Analysis of investment risks

One of the keys to the success of starting and developing a business is an effective risk management strategy. Such a strategy should take into account all the risks of conducting business activities, monitor their condition and plan the actions necessary in the event of such a risk. Inverra company carries out market risk analysis and investment risk analysis within the framework of all company projects. The risk study can be both part of the analysis of the investment attractiveness of the industry, and a separate study.

Stages of investment risk assessment:

Identification of risks: Identification of all types of threats that arise at the stage of planning an investment project or any other stage of conducting business activities. Based on many years of experience in analyzing markets and developing investment projects, the company's analysts identify all possible risks faced by entrepreneurs. Each risk is analyzed and structured depending on the reason for their occurrence and the possible impact on the chains of creation of added value in the company.

Risk structuring and quantitative analysis: For certain risks, the degree of their financial impact on the market or on a specific enterprise is assessed. The probability of occurrence of such a risk is also assessed. This study is based on the theory of probability, the theory of operations research and mathematical statistics. The purpose of the analysis is the numerical measurement of the impact of project risk factors on fertility. Then the risks are structured on the heat map depending on the degree of impact and the probability of their occurrence.
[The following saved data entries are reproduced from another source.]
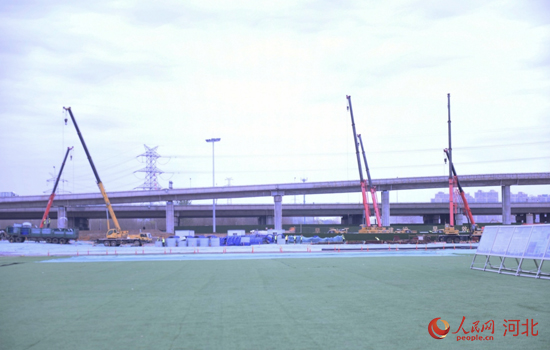 走進(jìn)石家莊高鐵商務(wù)區(qū)施工現(xiàn)場,挖掘機(jī)正在施工,重型卡車來回穿梭,工地上一派繁忙。干凈整潔的甬道、出具規(guī)模的網(wǎng)球場、籃球場,滿眼綠樹紅花。而在去年8月之前,這里還是低矮破舊,私搭亂建、基礎(chǔ)設(shè)施老化的舊市場。僅僅過了半年,高鐵商務(wù)區(qū)中央綠色體育公園初具規(guī)模,石家莊的“城市客廳”雛形已現(xiàn)。
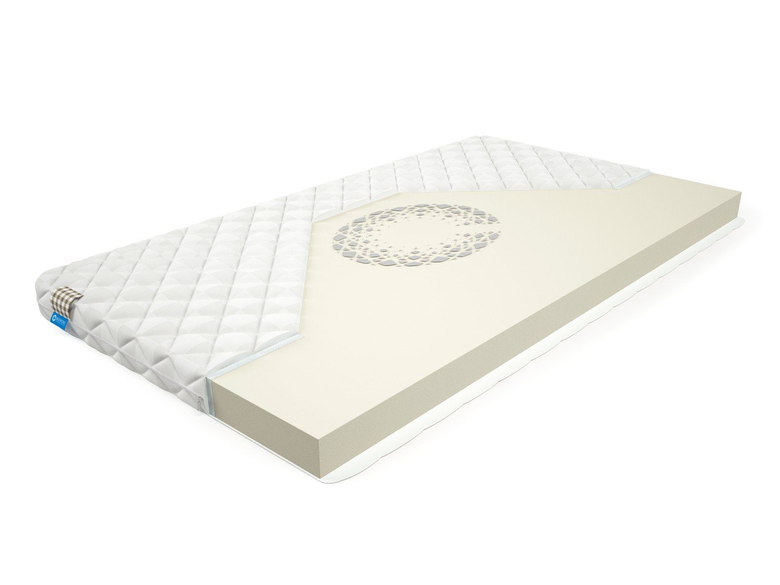 Трёхслойный съёмный чехол в белую клетку из комбинированной хлопковой ткани мягкий и износостойкий. Подходит для сухой или влажной уборки. Гипоаллергенный материал, благодаря хлопковой нити, делает поверхность воздухопроницаемой и гигроскопичной. Он хорошо вентилирует внутри матрасное пространство и восстанавливает температурный баланс.
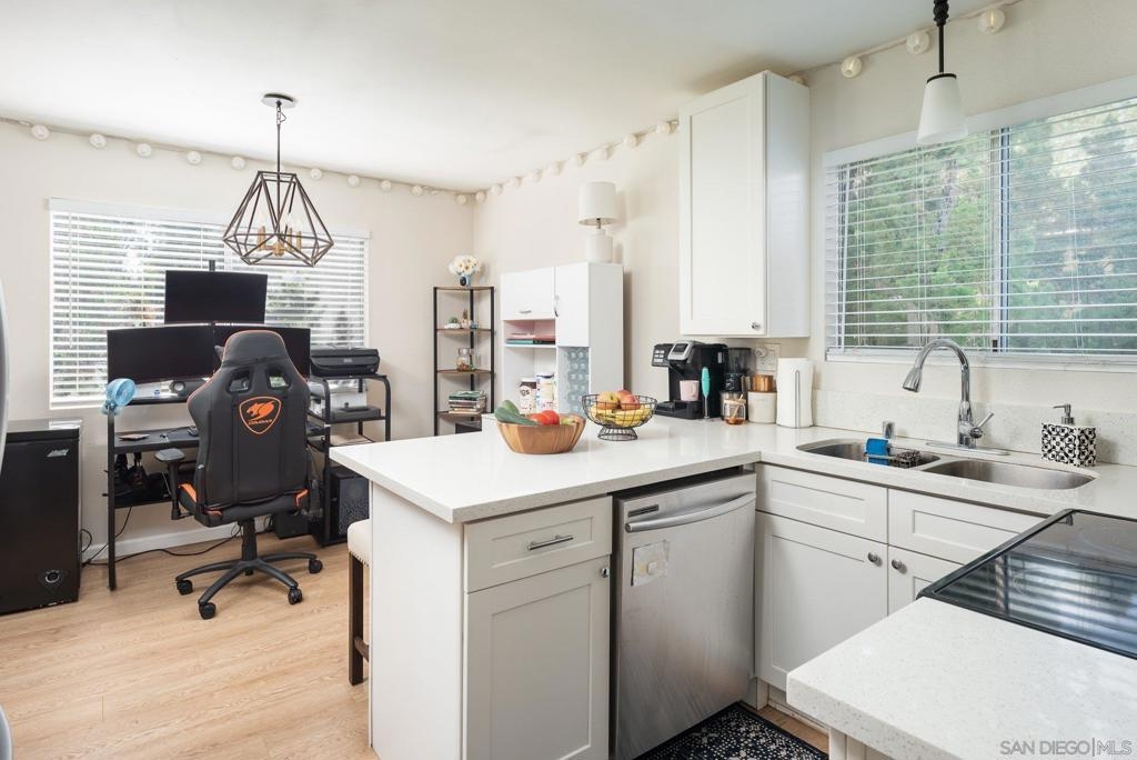 This unit will be available for rent soon. Meticulously cared for, upgraded upstairs corner unit, spacious floor plan with laminate wood floors throughout, upgraded kitchen with quartz countertops, stainless steel appliances, tucked-in stainless steel sink. Vaulted ceiling in the family room with access to the balcony overlooking the greenbelt area of the community. Spacious bedrooms with carpet flooring. Sewer: Sewer Connected Topography: LL
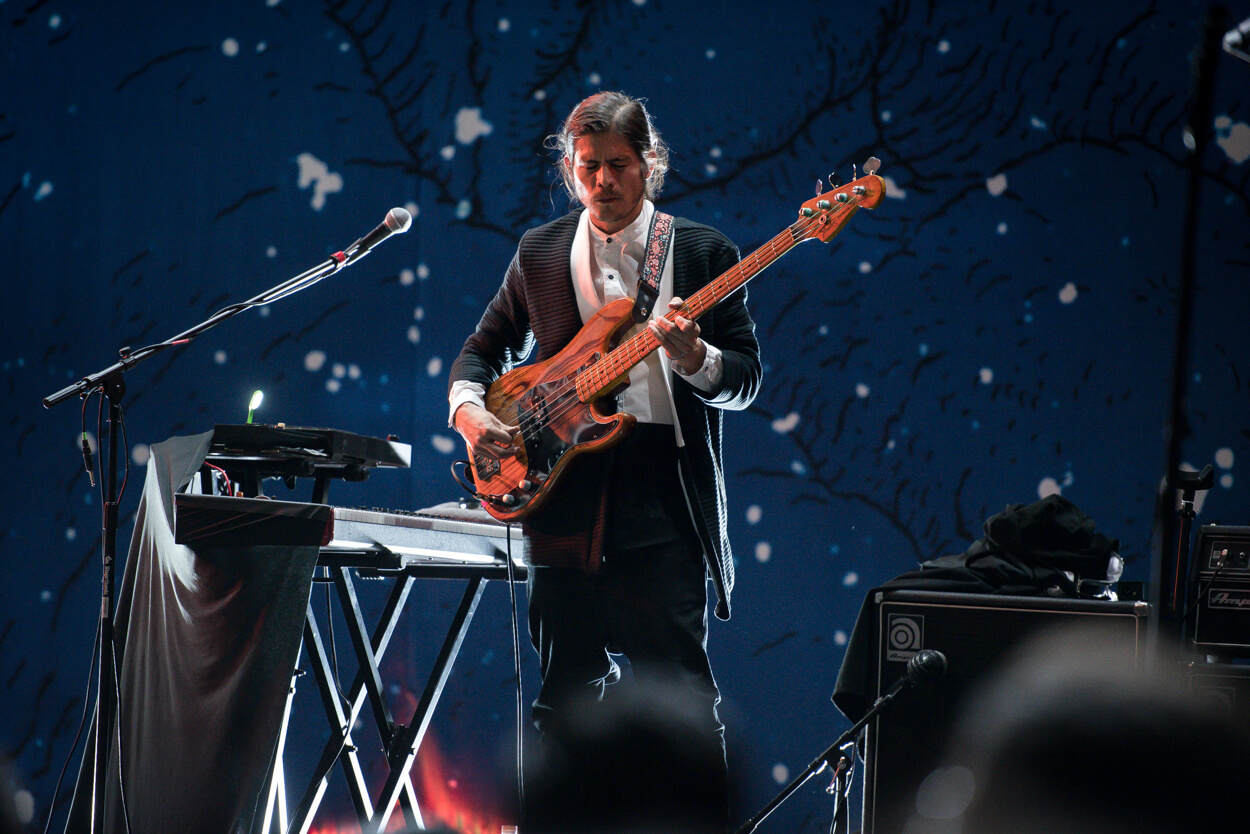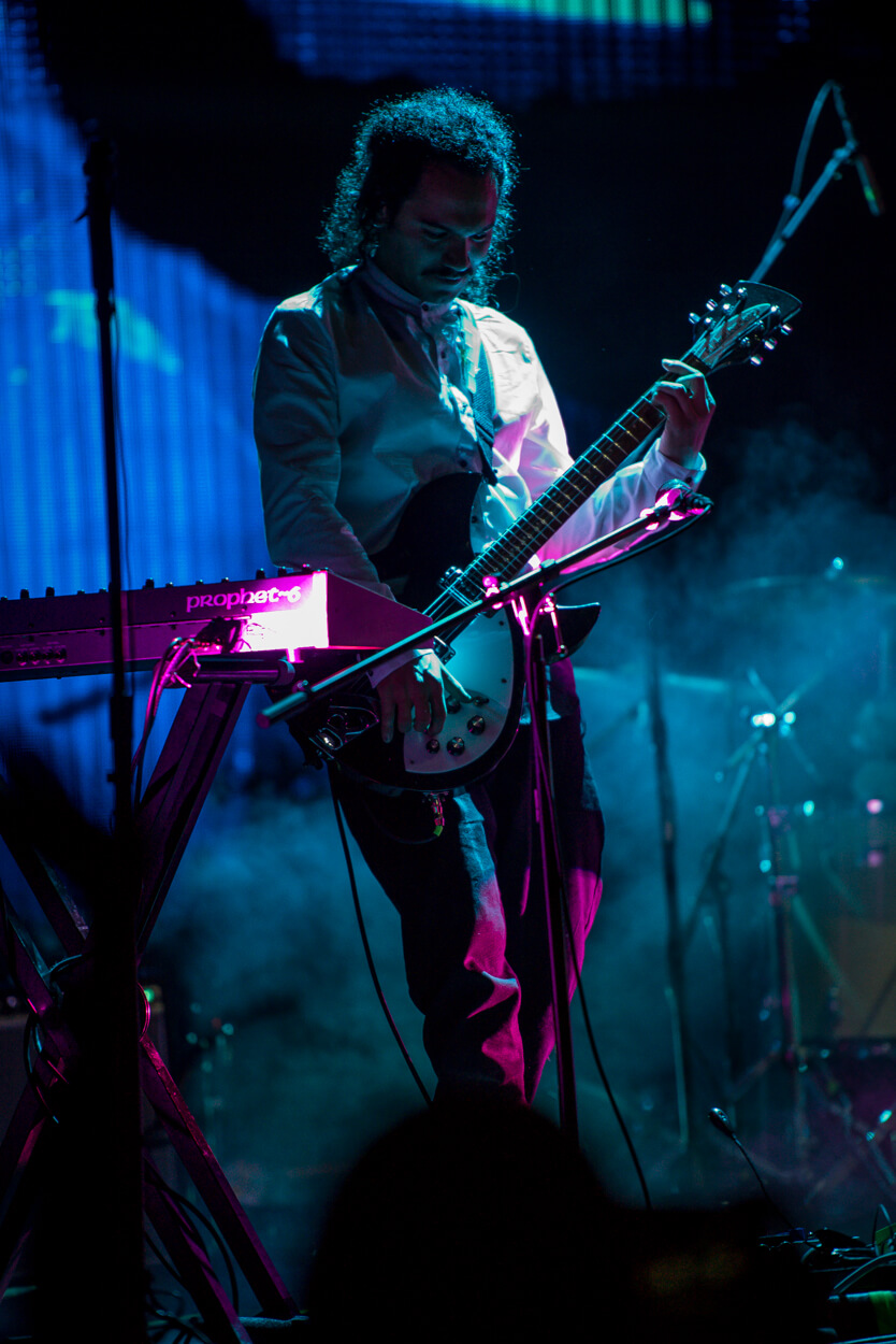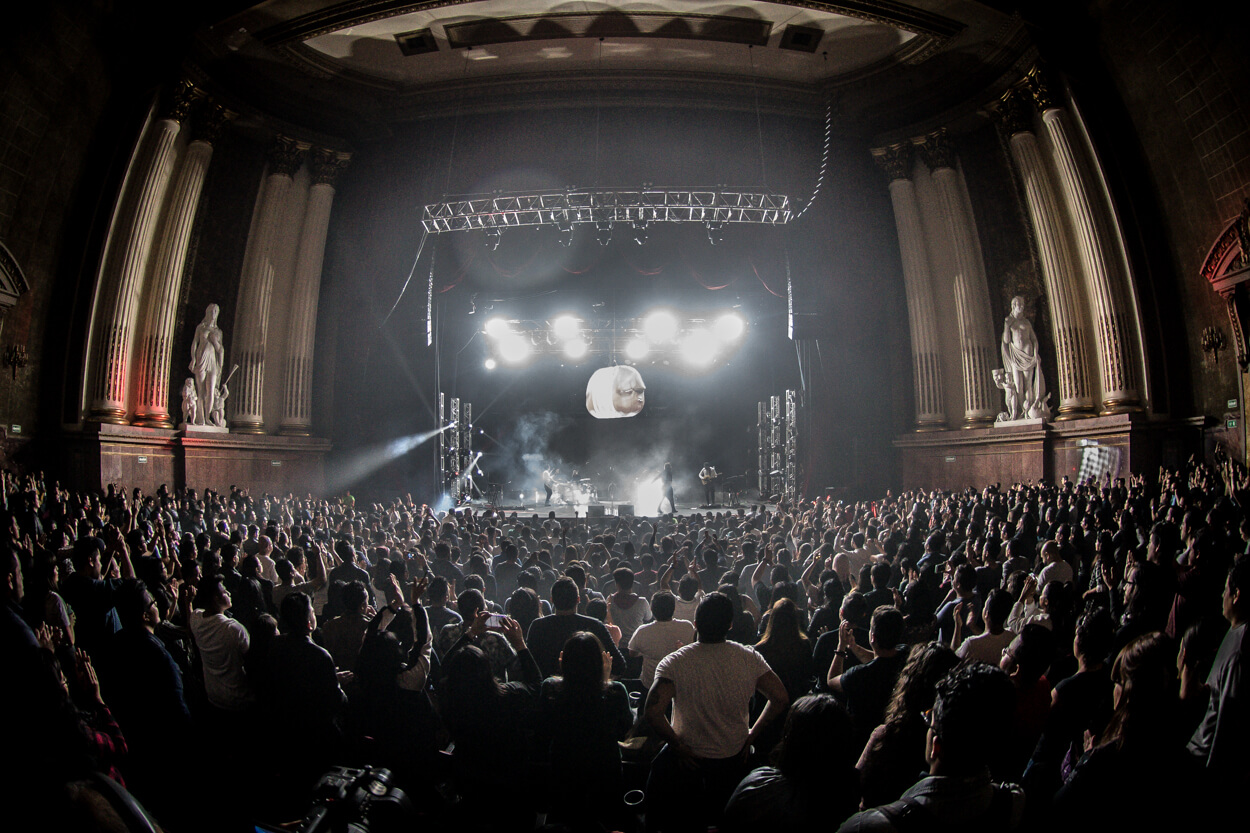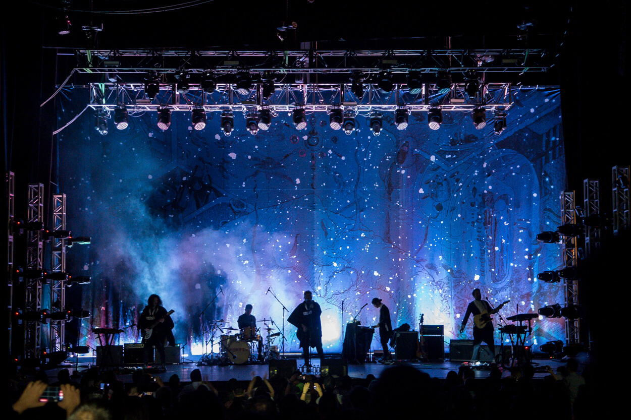 We designed a new concept for Porter to use in their concerts. A giant prop in shape of an abstract head that lights up in different colors as it hangs on top of the band. A backdrop stage & a big abstract illustration that projects light through perforations; all active with a synchronized light show that develops throughout the concert in different ways.
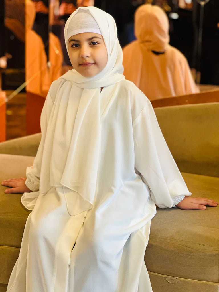 Introduce your little one to timeless modest fashion with our White Basic Abaya, designed to combine elegance, comfort, and cuteness in one perfect outfit. Made in a white shade, this abaya features soft pleated detailing on the bodice and delicate ruffle accents on the shoulders and sleeves—adding a sweet, feminine touch kids love.
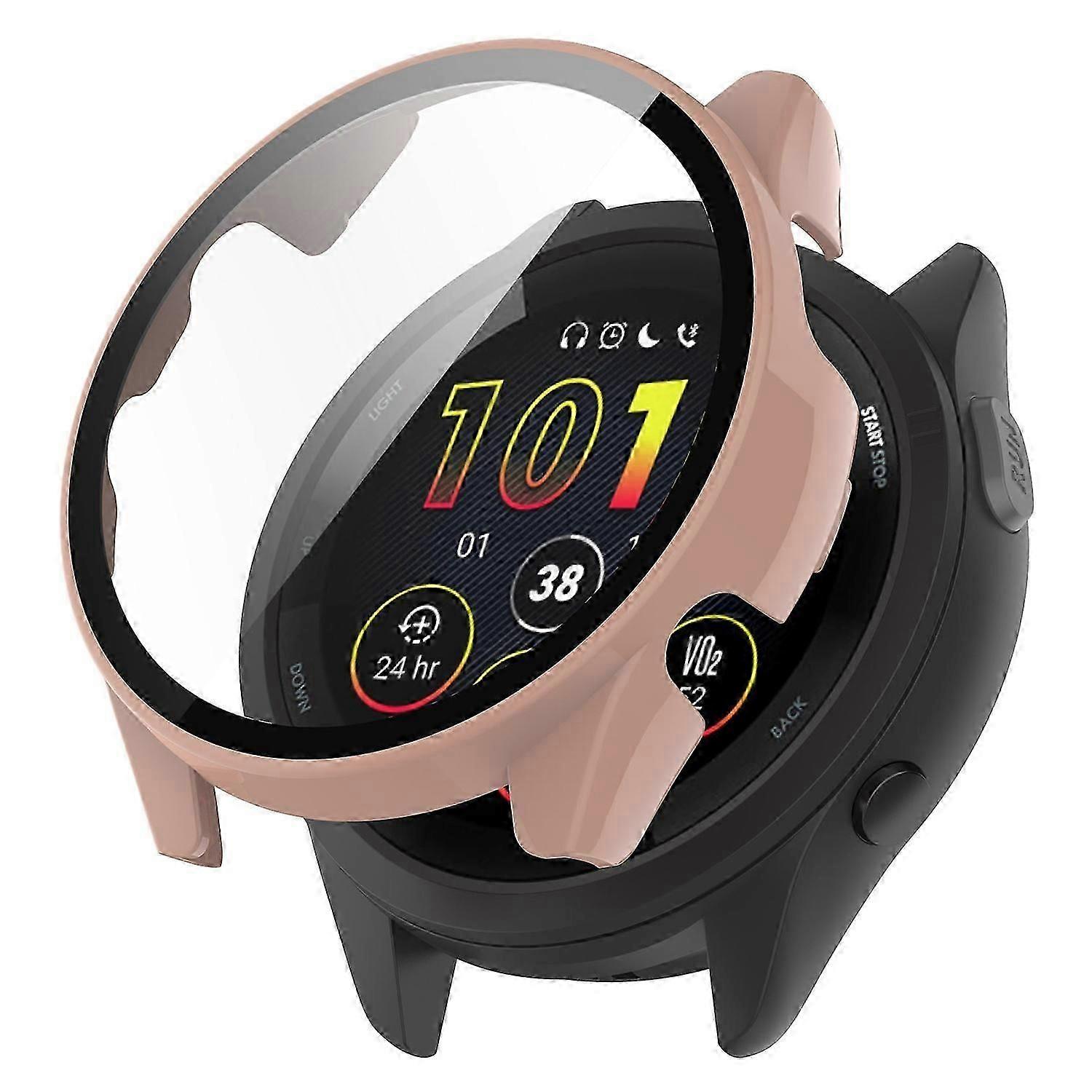 For Garmin Forerunner 265 Smart Watch Pc Watch Case With Tempered Glass Screen Protector - Black
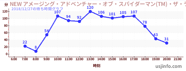• NEW アメージング・アドベンチャー・オブ・スパイダーマン(TM)・ザ・ライド 4K3D$B$N(B2018年12月27日の待ち時間
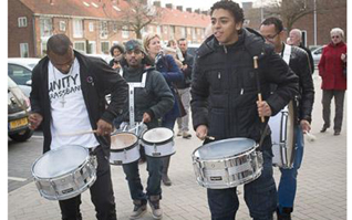 -Links boven: Wethouder Eric Logister in gesprek met de BBS manager Fatima-Zahra Jallal. -Links Schoolkindje geeft aan wethouder Eric Logister de schaar om het lint door te kunnen knippen. -Boven: Unity Brassband. foto's © bart oosterveld, 13 maart 2015 |
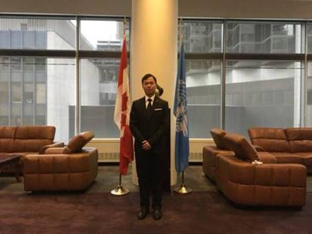 11月27日,代表团来到蒙特利尔的第二天,是ICAO-NGAP全球峰会的正式召开首日。当我们一早抵达会议地点--国际民航组织ICAO总部大楼,立即感到ICAO总部作为联合国附属机构的庄严以及ICAO-NGAP首届峰会的盛大。27日-28日的首届国际民航组织ICAO-NGAP全球峰会吸引了世界五大洲共计600余名航空领域专家学者、政府部门负责人、民航业内相关企业代表及青年员工代表团等与会共商民航业人才培养。对于参赛员工来讲,是参加ICAO-NGAP峰会的两部分内容,首先作为代表参加ICAO-NGAP峰会的大会部分,然后是作为员工辩论赛选手参加ICAO-Model的辩论环节。所以谈球吧官方网站的六名员工具有参会者的双重身份。这期间,因为网上注册的小失误,害得周天成同学颇费周折才拿到了参加全部会议的双重身份代表证。
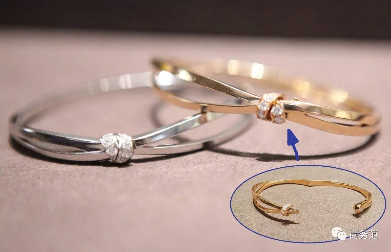 刘亦菲的这只是18K玫瑰金的镶钻款,隐藏暗扣位于“缘分”之结内侧,椭圆形的手镯形状在设计时就考虑到人体工程学原理,佩戴起来非常舒适。最重要的是Chaumet珠宝工艺能够将金属材质打造出缎带的轻盈感,这一点很厉害~
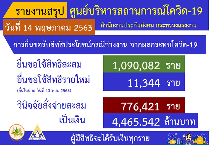 ในการนี้ หม่อมราชวงศ์จัตุมงคล โสณกุล รัฐมนตรีว่าการกระทรวงแรงงาน ได้กล่าวถึง การดำเนินการจ่ายสิทธิประโยชน์ว่างงานจากเหตุสุดวิสัย เพื่อเยียวยาผู้ประกันตนมาตรา 33 ที่ได้รับผลกระทบจากสถานการณ์โควิด-19 ให้ได้รับเงินโดยเร็วที่สุด ซึ่งจากรายงาน มีจำนวนผู้มายื่นขอใช้สิทธิแล้วจนถึงปัจจุบัน (เริ่มยื่นตั้งแต่วันที่ 24 มี.ค. – 13 พ.ค.63) จำนวน 1,090,082 ราย สรุปการจ่ายเงิน ข้อมูล ณ วันที่ (20 เมษายน - 13 พฤษภาคม 2563) สำนักงานประกันสังคมได้อนุมัติสั่งจ่ายไปแล้ว จำนวน 776,421 ราย เป็นเงินจำนวน 4,465.542 ล้านบาท และคาดว่าจะมีผู้ประกันตนมาใช้สิทธิกรณีว่างงานเพิ่มขึ้นอีก เป็นจำนวนมาก ทั้งนี้ ตนขอย้ำความร่วมมือไปยังนายจ้างให้กรอกแบบฟอร์มรับรองการหยุดงานของลูกจ้างผ่าน e-Service ทางเว็บไซต์สำนักงานประกันสังคม www.sso.go.th เพื่อสำนักงานประกันสังคมจะนำเข้าระบบประมวลผลจับคู่ความถูกต้องของข้อมูล แล้วส่งให้หน่วยปฏิบัติวินิจฉัยจ่ายเงินว่างงาน และโอนเงิน เข้าบัญชีธนาคารของผู้ประกันตน ภายใน 3 วันทำการ
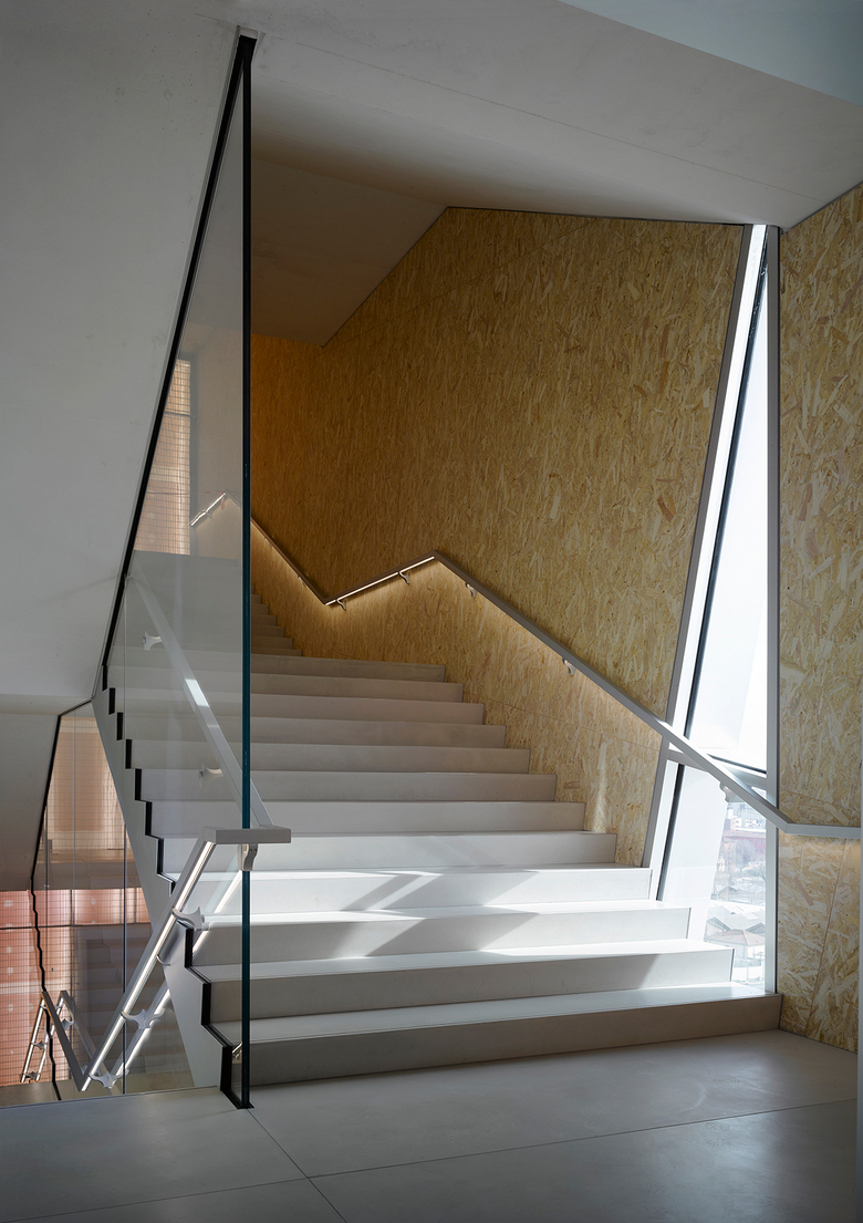 At the rear, a diagonal structure emerging from the vastness of the Deposito pulls the tower back. To extend the typologies offered by the Fondazione, a series of systematic variations is applied: each next floor is taller than the previous one, rectangular plans alternate with wedge shapes, the orientation of the rooms alternates between panoramic city views to the North, or narrower views in opposite directions, East and West.

Recommendations on risk management: Provision of recommendations on risk monitoring, means of preventing or reducing risks, as well as forming general conclusions regarding the risks of the enterprise's activities on the markets.

Advantages of investment risk analysis:

Comparison and selection of projects or markets according to the criterion of the lowest risk, taking into account profitability.

Selection of partners and focus on clients, the presence of which will reduce activity risks.

Consideration of the impact of the most significant circumstances on a particular asset and decision-making regarding the urgency of market actions.

Investigating the level of probability of obtaining advantages, as well as comparing the value of profit and threats according to the following criteria - the higher the risk, the higher the income.

Individual risk assessment plan:

The risk assessment plan is always individual, depends on the industry, the size of the company, the competitive environment and the influence of external factors on the company's work. Our company's consultants will select for you the optimal set of analytical tools for business planning.